__What you will do__
Pull every line containing "example" from the listing below.

__Excerpted data__
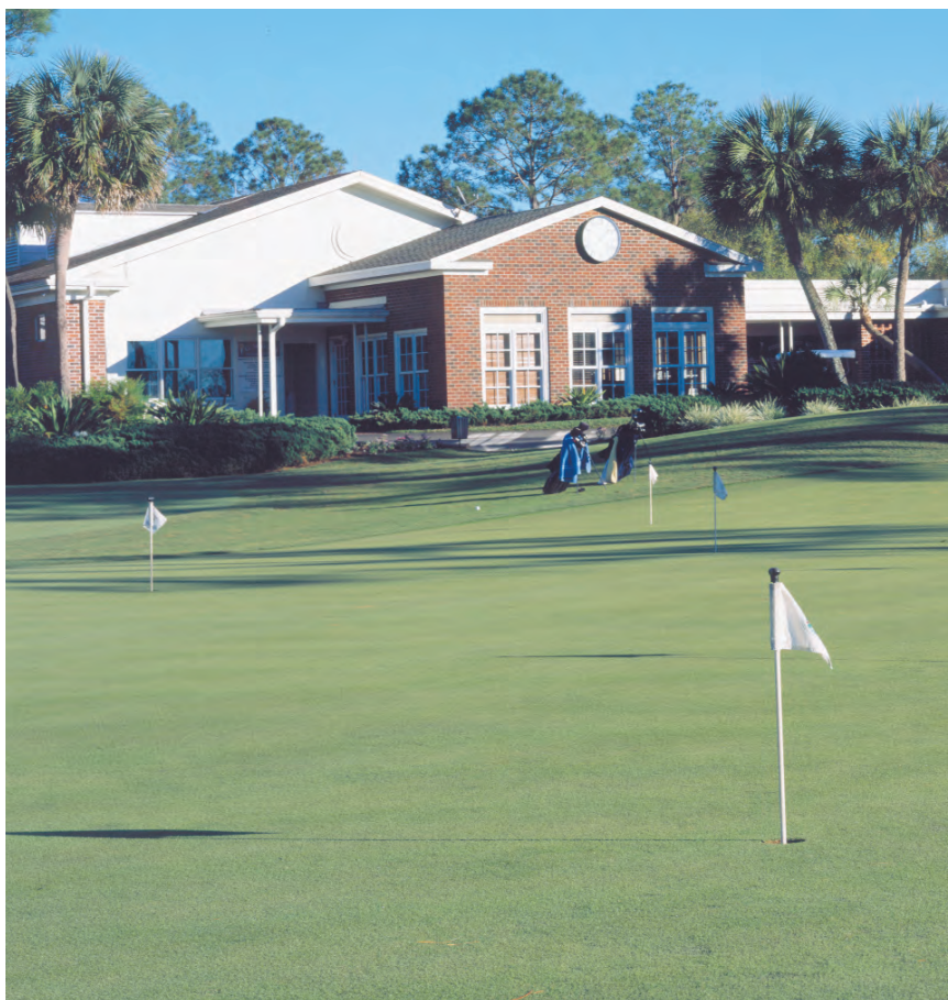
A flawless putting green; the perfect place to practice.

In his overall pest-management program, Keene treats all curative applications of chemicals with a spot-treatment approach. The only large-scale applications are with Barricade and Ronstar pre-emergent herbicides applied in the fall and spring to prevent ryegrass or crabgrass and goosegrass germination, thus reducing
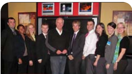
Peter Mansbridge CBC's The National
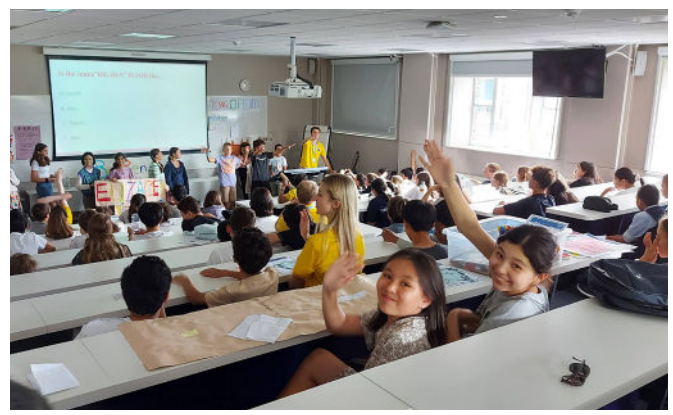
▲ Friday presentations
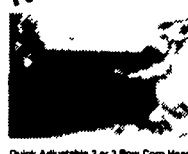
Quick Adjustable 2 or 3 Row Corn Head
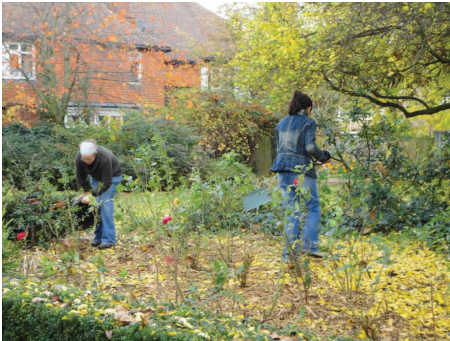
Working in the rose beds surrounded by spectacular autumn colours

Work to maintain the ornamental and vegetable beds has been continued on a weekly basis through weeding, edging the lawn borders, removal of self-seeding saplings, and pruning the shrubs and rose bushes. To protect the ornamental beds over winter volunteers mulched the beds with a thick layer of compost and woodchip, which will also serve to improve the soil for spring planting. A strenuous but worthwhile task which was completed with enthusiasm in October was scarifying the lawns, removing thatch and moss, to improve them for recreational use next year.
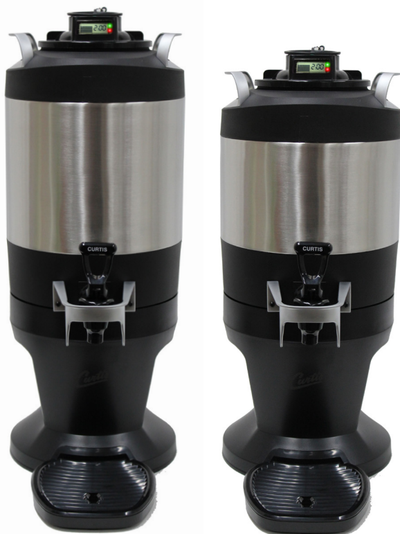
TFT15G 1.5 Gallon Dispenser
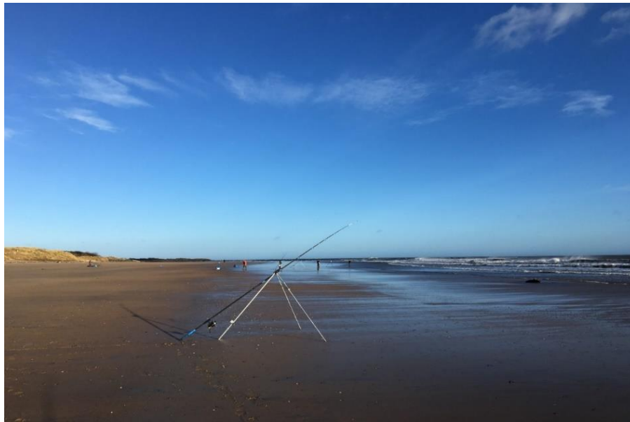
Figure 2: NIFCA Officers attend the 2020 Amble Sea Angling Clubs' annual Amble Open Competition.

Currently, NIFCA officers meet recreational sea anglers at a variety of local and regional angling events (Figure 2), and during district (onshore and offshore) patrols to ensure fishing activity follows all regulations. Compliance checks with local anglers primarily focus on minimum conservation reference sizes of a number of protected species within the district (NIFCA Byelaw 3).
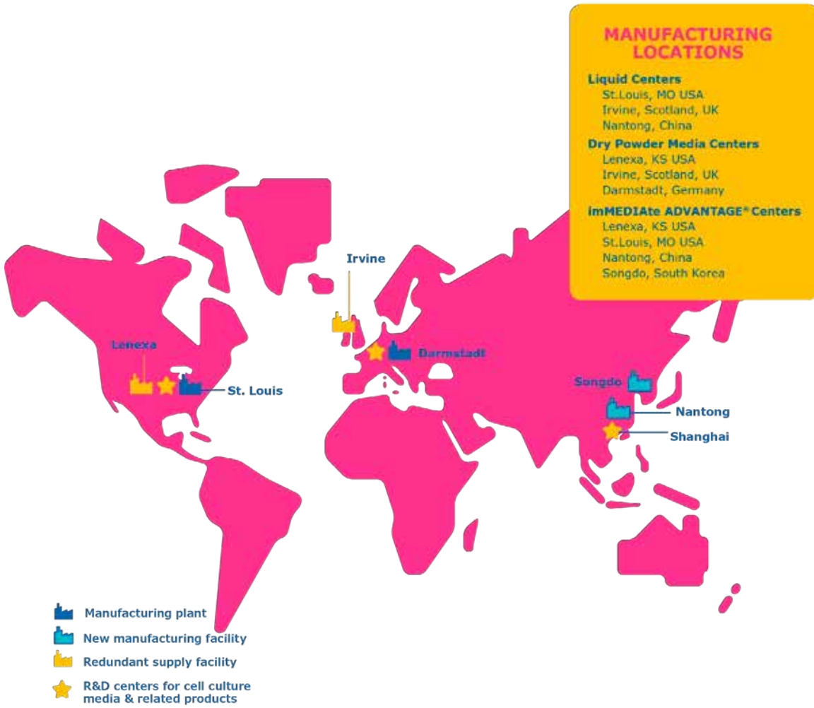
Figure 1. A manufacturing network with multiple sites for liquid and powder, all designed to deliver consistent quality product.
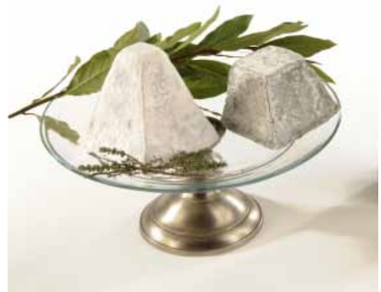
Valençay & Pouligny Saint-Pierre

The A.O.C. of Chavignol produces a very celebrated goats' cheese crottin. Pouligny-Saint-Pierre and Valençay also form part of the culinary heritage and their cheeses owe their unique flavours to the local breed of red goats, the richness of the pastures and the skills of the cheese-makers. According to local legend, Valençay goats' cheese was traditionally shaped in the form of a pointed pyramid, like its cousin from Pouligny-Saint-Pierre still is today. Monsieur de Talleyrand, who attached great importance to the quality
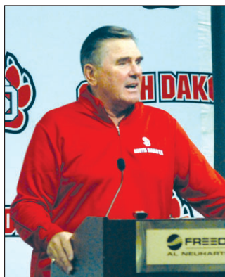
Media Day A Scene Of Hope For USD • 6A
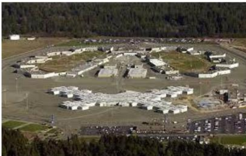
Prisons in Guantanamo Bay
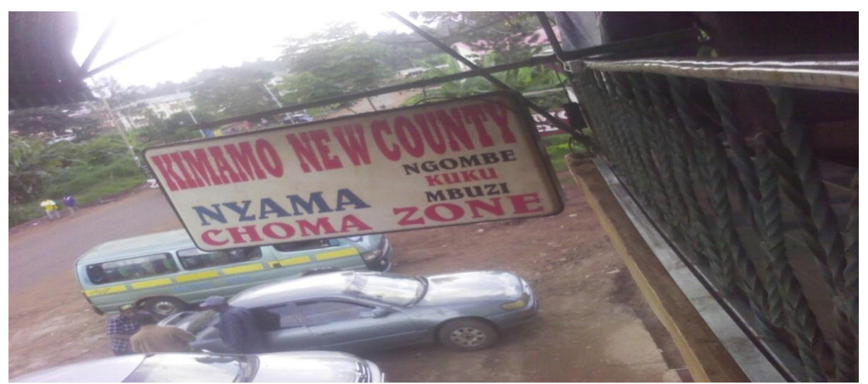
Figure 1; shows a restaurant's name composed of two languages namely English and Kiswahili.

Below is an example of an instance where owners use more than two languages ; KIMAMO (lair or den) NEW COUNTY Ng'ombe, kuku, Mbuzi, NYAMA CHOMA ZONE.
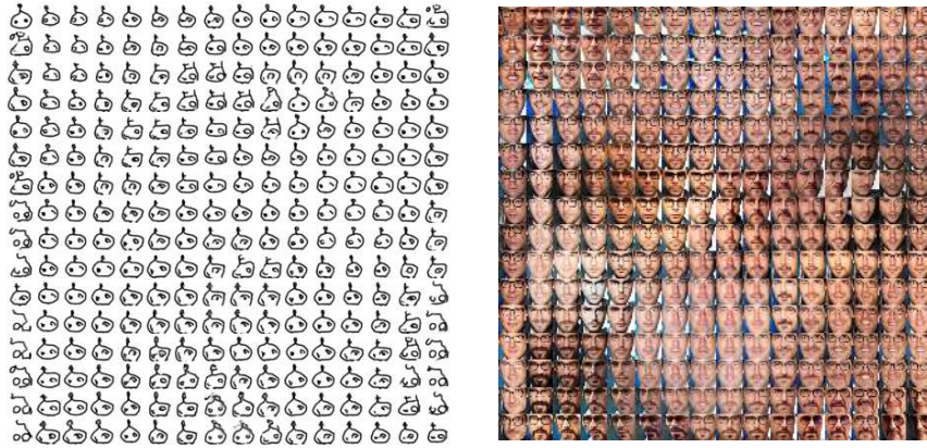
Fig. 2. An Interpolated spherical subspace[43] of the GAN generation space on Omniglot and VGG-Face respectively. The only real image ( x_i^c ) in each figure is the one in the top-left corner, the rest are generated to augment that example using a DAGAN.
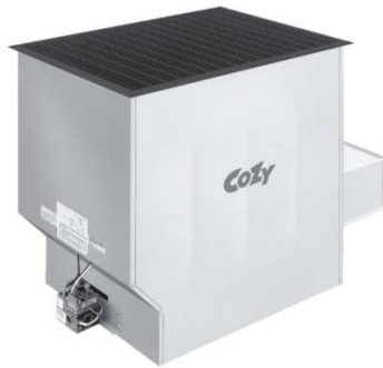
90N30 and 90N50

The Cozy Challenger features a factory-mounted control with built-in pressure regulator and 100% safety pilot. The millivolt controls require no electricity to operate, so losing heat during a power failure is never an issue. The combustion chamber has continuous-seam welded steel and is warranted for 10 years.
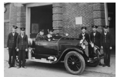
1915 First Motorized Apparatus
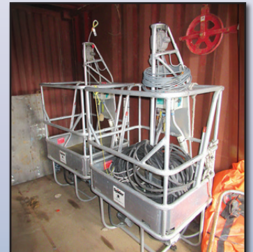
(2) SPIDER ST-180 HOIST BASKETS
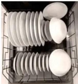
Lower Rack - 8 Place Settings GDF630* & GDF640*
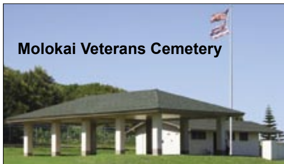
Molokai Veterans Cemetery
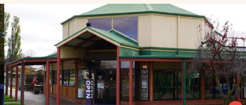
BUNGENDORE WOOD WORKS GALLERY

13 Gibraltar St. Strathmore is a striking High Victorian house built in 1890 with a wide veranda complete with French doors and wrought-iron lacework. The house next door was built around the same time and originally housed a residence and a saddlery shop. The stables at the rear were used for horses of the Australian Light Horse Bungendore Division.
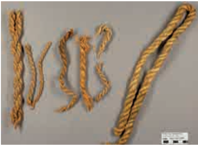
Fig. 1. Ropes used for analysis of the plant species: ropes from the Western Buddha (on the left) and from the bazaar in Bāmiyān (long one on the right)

__Output of the exercise__
Below is an example of an instance where owners use more than two languages ; KIMAMO (lair or den) NEW COUNTY Ng'ombe, kuku, Mbuzi, NYAMA CHOMA ZONE.
Fig. 2. An Interpolated spherical subspace[43] of the GAN generation space on Omniglot and VGG-Face respectively. The only real image ( x_i^c ) in each figure is the one in the top-left corner, the rest are generated to augment that example using a DAGAN.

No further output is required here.